Final loan 2019 »All advantages and disadvantages in the test!

 In the case of a term loan, only interest is paid during the term and the debt itself is ultimately repaid in a large final installment. But that makes sense only in special constellations, for example, when a home savings contract is due. Perhaps the best known variant of the bullet loan is the Civil Service Loan.

A mitigated variant is the usual balloon loans for car loans, in which part of the debt is repaid during the term and the other is paid in a large final installment.

What is still to be considered in a bullet loan, you will find in our guide on bullet loans.

What is still to be considered in a bullet loan, you will find in our guide on bullet loans.

Officials loans. It has monthly money for the repayment of debt to be covered, but this does not flow to the bank, but in a capital-forming life insurance. The life insurance is due when the loan must be repaid, with the proceeds of the debt is repaid.

The advantage: If the debtor dies before repayment, the life insurance is also due and serves to pay off the debts. The survivors no longer have to pay for the loan.

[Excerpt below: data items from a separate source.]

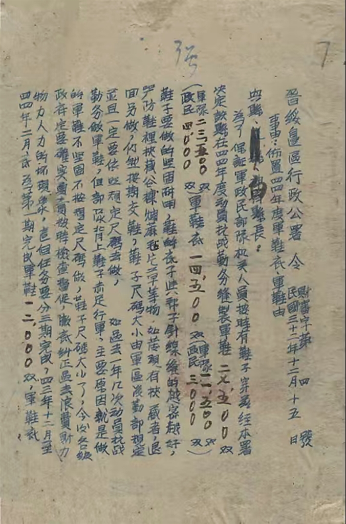 在兴县档案馆,一份档号为1-1-25的《晋绥边区行政公署关于布置一九四四年军鞋任务致兴县县长令》静静陈列。泛黄的纸张上,“一定要依照规定尺码去做”“帮子针线缝的越密越好”等字迹仍清晰可见,这些带着温度的文字,悄然将我们拉回那个妇女们用针线支援前线的抗战岁月。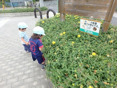今日イルカ組のお友だちは桃の木公園に 行きました(^^)     桃の木公園では黄色いお花がたくさん咲いており じーっと見つめたり触ったりして 興味津々でした(●^o^●)    …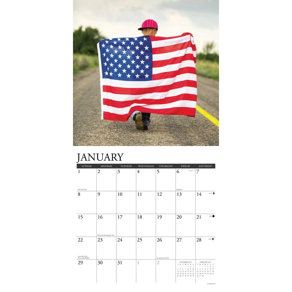 Our great flag flies on the porches of American homes, atop magnificent skyscrapers, over solemn cemeteries, and stands silent vigil on the moon.Β This twelve month tribute to Old Glory features the flag flying proudly throughout the U.S.A. Β Join the celebration!Β Printed with soy-based inks on FSC certified paper, this 12″ x 12″ wall calendar features large monthly grids that offer ample room for jotting notes, along with six bonus months of July through December of 2022. Also includes moon phases (CST), standard U.S. and international holidays.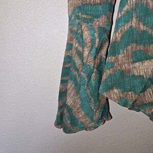 Diane von Furstenberg DVF XS Blouse Green Brown Animal Print Bell Sleeve Button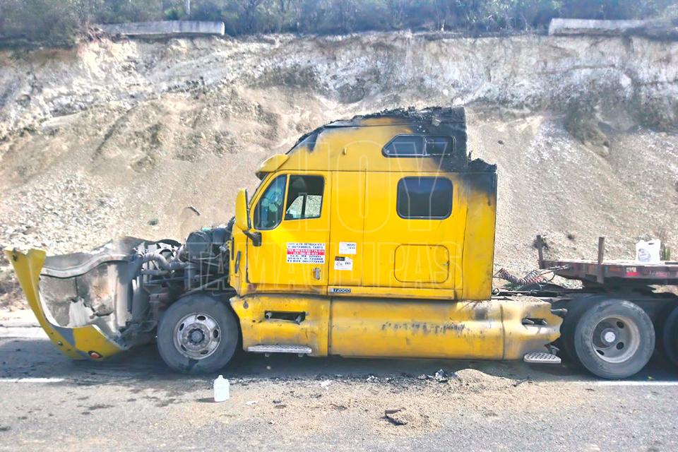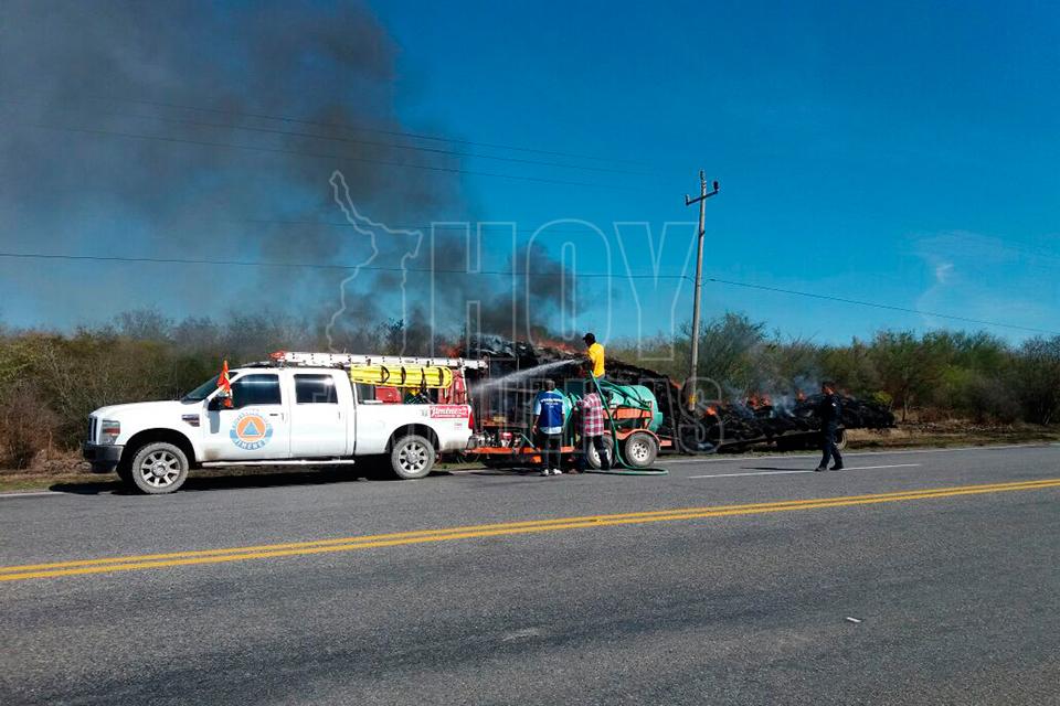 Se incendia camión con pacas de zacate en la Victoria-Matamoros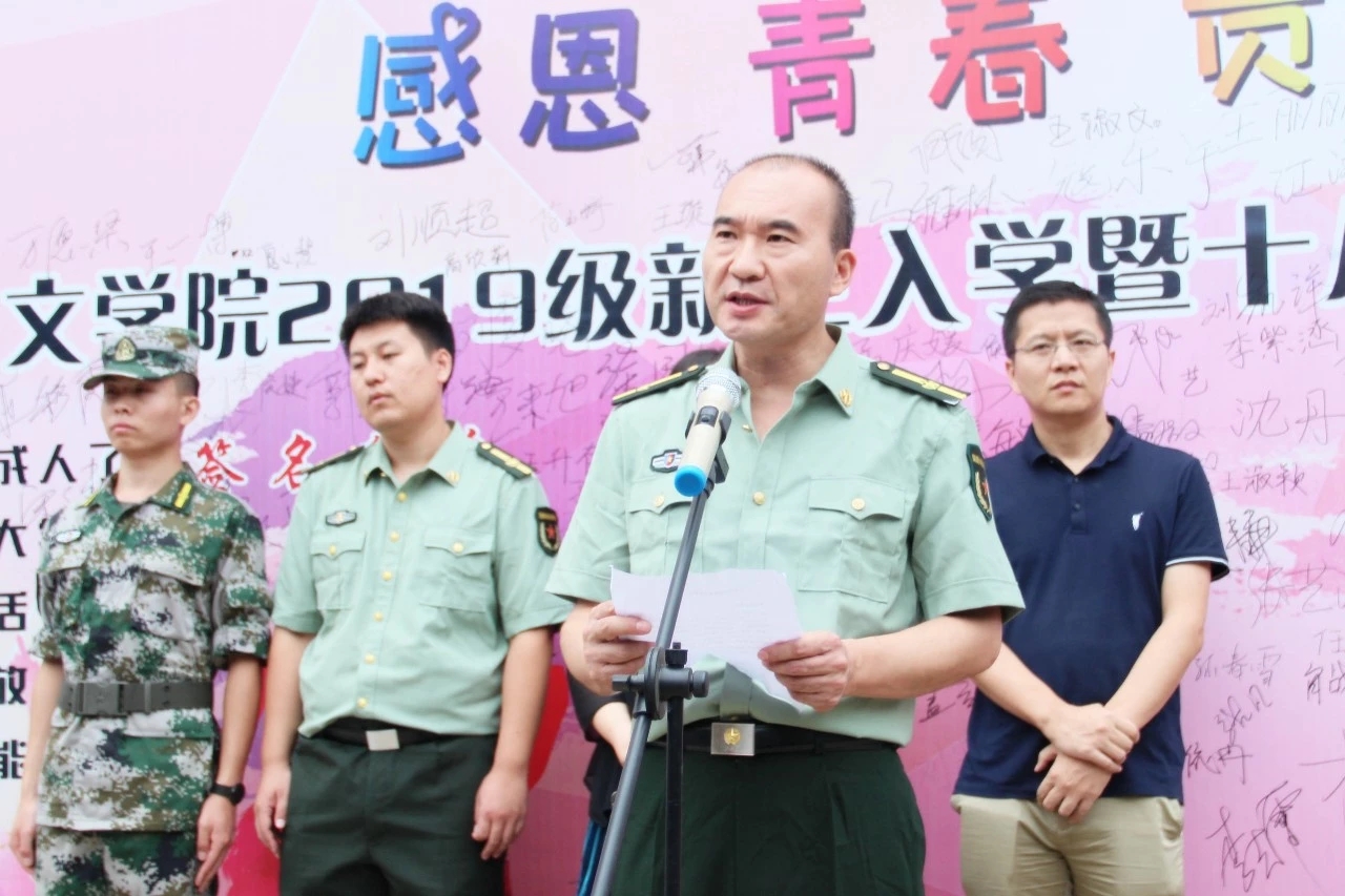 党总支书记史大丰向2019级新同学致以十八岁成人的祝贺,并提出几点希望和要求:一要志存高远;二要常怀律己之心;三是要常修感恩之德。希望全体同学在军训的洗礼中,用良好的精神面貌展示bevitor伟德国际1946学子的时代风采,用实际行动为自己、为家人、为学院争创一流业绩,书写一流答卷。

One should not confuse the bullet loan with the regular official loan. This is simply a installment loan specifically for civil servants. Because of the high job security, the banks can offer this clientele particularly low interest rates. Such loans are offered by regular banks or special official banks.

Because even with regular installment loans, interest rates are often dependent on credit, civil servants can also get favorable conditions there. A credit comparison is therefore worthwhile for them.

Credit insurance to be completed. The protection is not always meaningful anyway.

Credit insurance to be completed. The protection is not always meaningful anyway.

Just a few years ago, interest rates were even higher. An old time deposit can therefore bring significantly more interest than a loan costs.

A bullet loan can also make sense if there is currently a good interest savings contract. For example, those who have concluded a ten-year fixed-term contract eight years ago often receive considerably more interest there than, for example, they have to pay for a real estate loan.

Quite apart from the fact that time deposit is often difficult to cancel and with high penalty interest. It is therefore better to take a bullet loan for two years, which is then paid off with the then matured deposit.

Even with Berafund contracts, a bullet loan can make sense. This is then completed, for example, for the time at which the building savings contract is due. From the Berafund sum then the house loan will be replaced. In all these cases, a bullet loan can be good and safe. It is more difficult if the money is invested in a fund for repayment or in higher-interest foreign currency accounts.

At first glance, the variant is charming, because in recent years, the profits on the stock exchanges were well above the lending rates. There are also significantly higher interest rates outside the euro area in some countries. However, a decline in stock prices or falling foreign exchange rates can quickly lead to the funds accumulated in the repayment savings plan no longer being sufficient for repayment.

Car financing, there is a similar construct, the credit with closing rate. As a rule, however, at least part of the debt must be redeemed because the value of the car decreases with age. The final rate must not be higher than the residual value. Here, too, there is, as with the bullet loan, at the end of a particularly high rate, which is usually denied here from the sales revenue of the vehicle.